* _What is needed_: When you reach the line with "Personalized Spookeasy Sign,Halloween", transcribe it and each line after it through the last one below, exactly. Pictures stay out.

* _Data extracted from a collection_:
::::

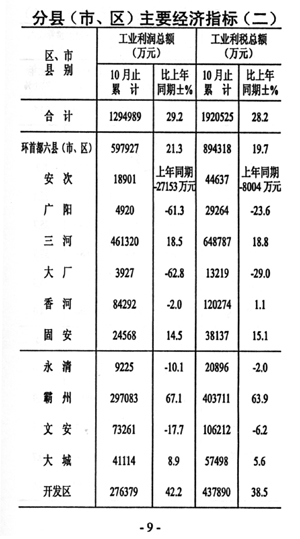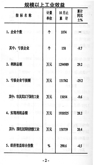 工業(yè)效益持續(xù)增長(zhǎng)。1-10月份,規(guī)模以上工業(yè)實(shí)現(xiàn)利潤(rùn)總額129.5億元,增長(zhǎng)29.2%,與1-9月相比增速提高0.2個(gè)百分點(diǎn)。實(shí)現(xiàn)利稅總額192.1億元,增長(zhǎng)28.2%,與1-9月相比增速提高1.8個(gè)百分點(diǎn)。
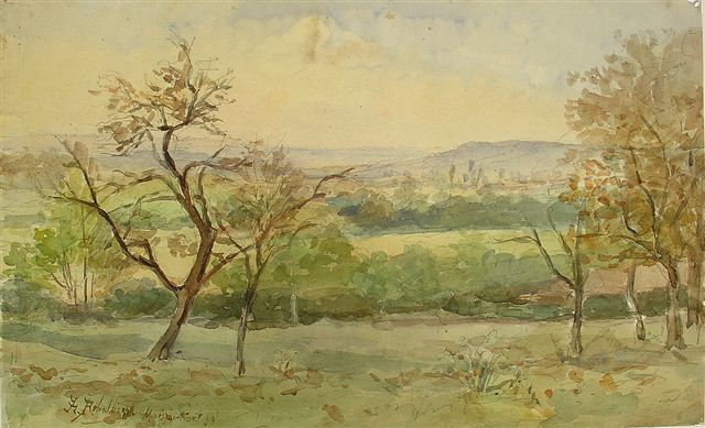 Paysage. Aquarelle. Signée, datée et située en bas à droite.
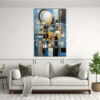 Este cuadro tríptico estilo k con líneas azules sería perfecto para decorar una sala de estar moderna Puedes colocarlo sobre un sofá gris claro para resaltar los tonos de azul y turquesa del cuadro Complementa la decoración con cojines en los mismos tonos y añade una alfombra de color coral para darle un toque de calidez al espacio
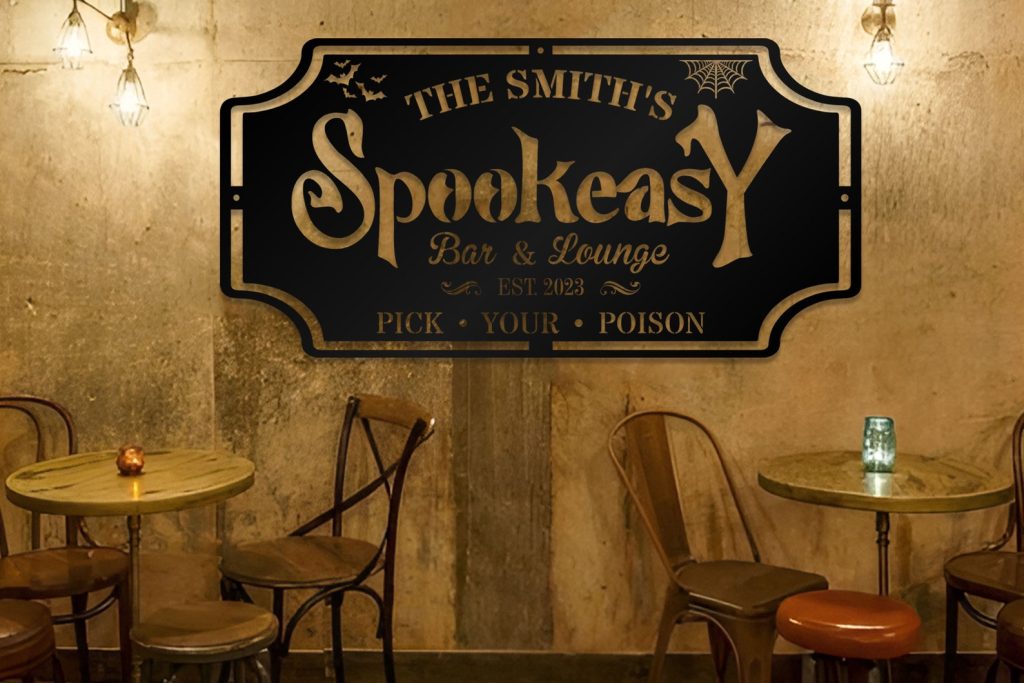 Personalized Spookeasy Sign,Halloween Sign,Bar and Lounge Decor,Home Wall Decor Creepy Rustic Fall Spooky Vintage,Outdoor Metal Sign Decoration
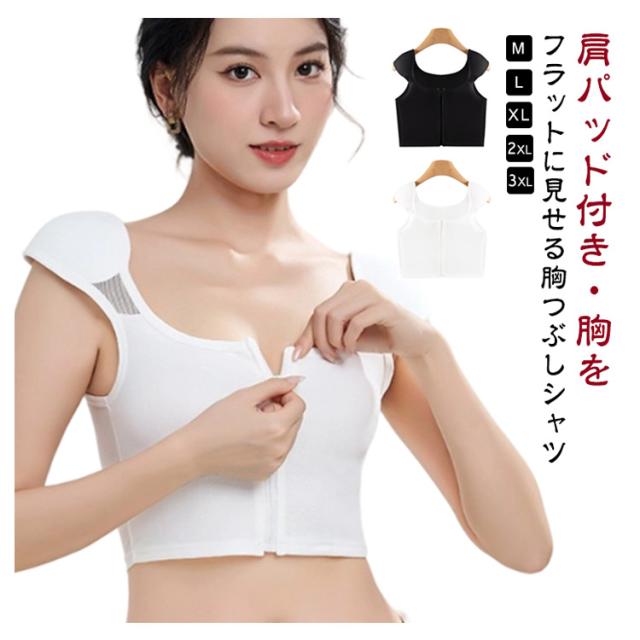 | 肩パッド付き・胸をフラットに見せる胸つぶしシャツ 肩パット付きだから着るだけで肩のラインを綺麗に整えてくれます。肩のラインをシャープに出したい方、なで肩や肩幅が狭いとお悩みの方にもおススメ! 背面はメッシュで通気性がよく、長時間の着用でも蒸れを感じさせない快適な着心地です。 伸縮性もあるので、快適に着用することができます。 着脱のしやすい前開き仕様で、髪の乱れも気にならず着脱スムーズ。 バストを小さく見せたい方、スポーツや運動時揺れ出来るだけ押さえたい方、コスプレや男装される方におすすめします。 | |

::::

* _Task solution_:
 Personalized Spookeasy Sign,Halloween Sign,Bar and Lounge Decor,Home Wall Decor Creepy Rustic Fall Spooky Vintage,Outdoor Metal Sign Decoration
 | 肩パッド付き・胸をフラットに見せる胸つぶしシャツ 肩パット付きだから着るだけで肩のラインを綺麗に整えてくれます。肩のラインをシャープに出したい方、なで肩や肩幅が狭いとお悩みの方にもおススメ! 背面はメッシュで通気性がよく、長時間の着用でも蒸れを感じさせない快適な着心地です。 伸縮性もあるので、快適に着用することができます。 着脱のしやすい前開き仕様で、髪の乱れも気にならず着脱スムーズ。 バストを小さく見せたい方、スポーツや運動時揺れ出来るだけ押さえたい方、コスプレや男装される方におすすめします。 | |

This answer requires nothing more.